PROBLEM :: Every picture should be left out, but the lines below must be repeated exactly.

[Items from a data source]
= = =
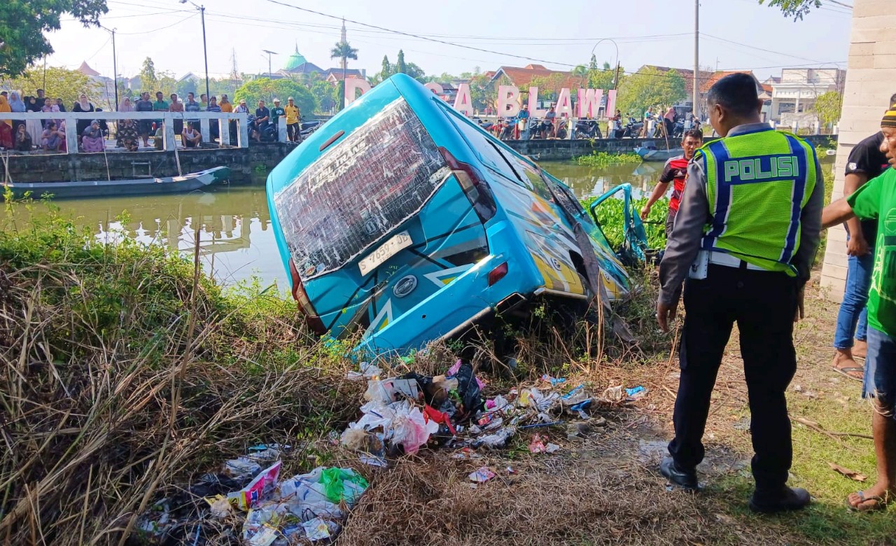 Insiden di Lamongan ini melibatkan sebuah mobil Elf yang mengalami kecelakaan tunggal hingga terjun ke sungai.
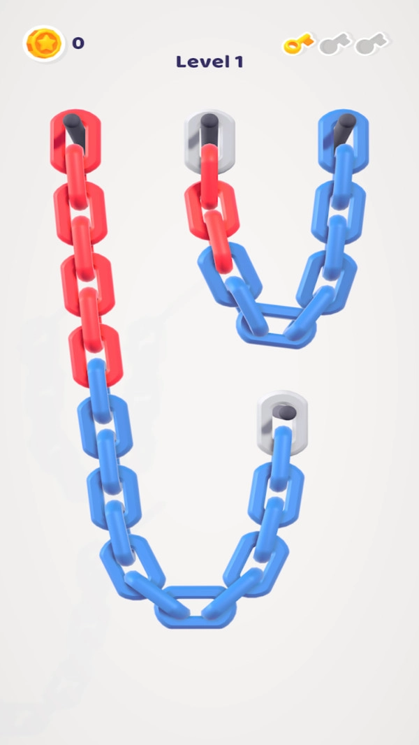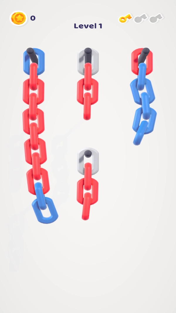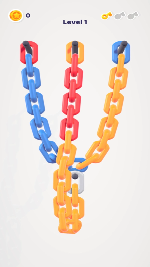 排序游戏最近很流行的玩法,锁链排序就是其中之一。不过,这款锁链排序游戏还是很新奇的。链条根据颜色重新排序。不同颜色的链条应该分开,然后连接到相同颜色的链条上。你可以多次尝试改变自己的位置,达到最终完美的分类效果。
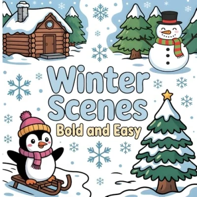 Winter Scenes: Bold and Easy Coloring Book for Kids Toddlers: Cute Animals, Snowflakes, Christmas, Cozy Fun!
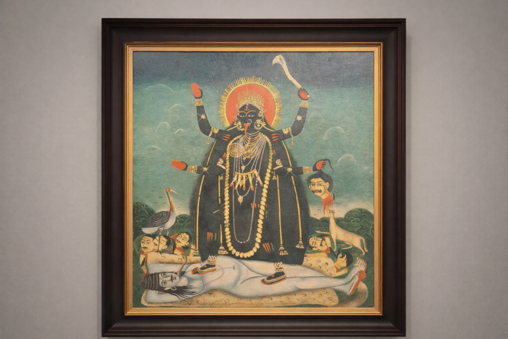At the turn of the 19th Century, as printing technology developed, printing presses like the Calcutta Art Studio, the Chorebagan Art Studio, and the Jubilee Art Studio made prints depicting deities and mythological episodes as accessible to the masses as a Kalighat painting, but with the anatomical precision of a European High Art.
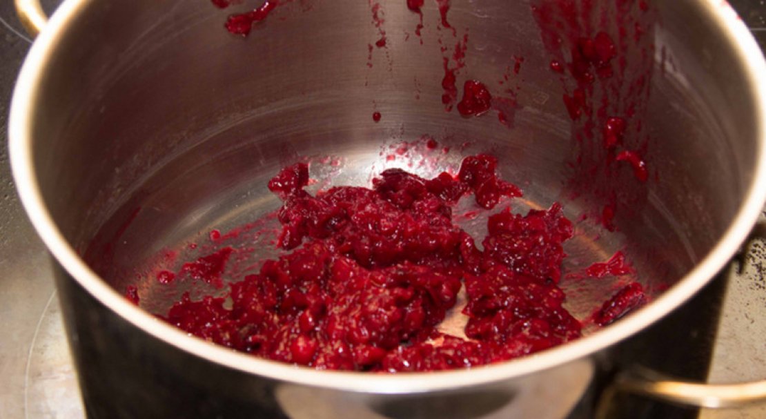 - Розімніть склянку брусниці і залийте 2 склянками холодної води.
= = =
TASK OUTPUT ::
 Insiden di Lamongan ini melibatkan sebuah mobil Elf yang mengalami kecelakaan tunggal hingga terjun ke sungai.
 排序游戏最近很流行的玩法,锁链排序就是其中之一。不过,这款锁链排序游戏还是很新奇的。链条根据颜色重新排序。不同颜色的链条应该分开,然后连接到相同颜色的链条上。你可以多次尝试改变自己的位置,达到最终完美的分类效果。
 Winter Scenes: Bold and Easy Coloring Book for Kids Toddlers: Cute Animals, Snowflakes, Christmas, Cozy Fun!
At the turn of the 19th Century, as printing technology developed, printing presses like the Calcutta Art Studio, the Chorebagan Art Studio, and the Jubilee Art Studio made prints depicting deities and mythological episodes as accessible to the masses as a Kalighat painting, but with the anatomical precision of a European High Art.
 - Розімніть склянку брусниці і залийте 2 склянками холодної води.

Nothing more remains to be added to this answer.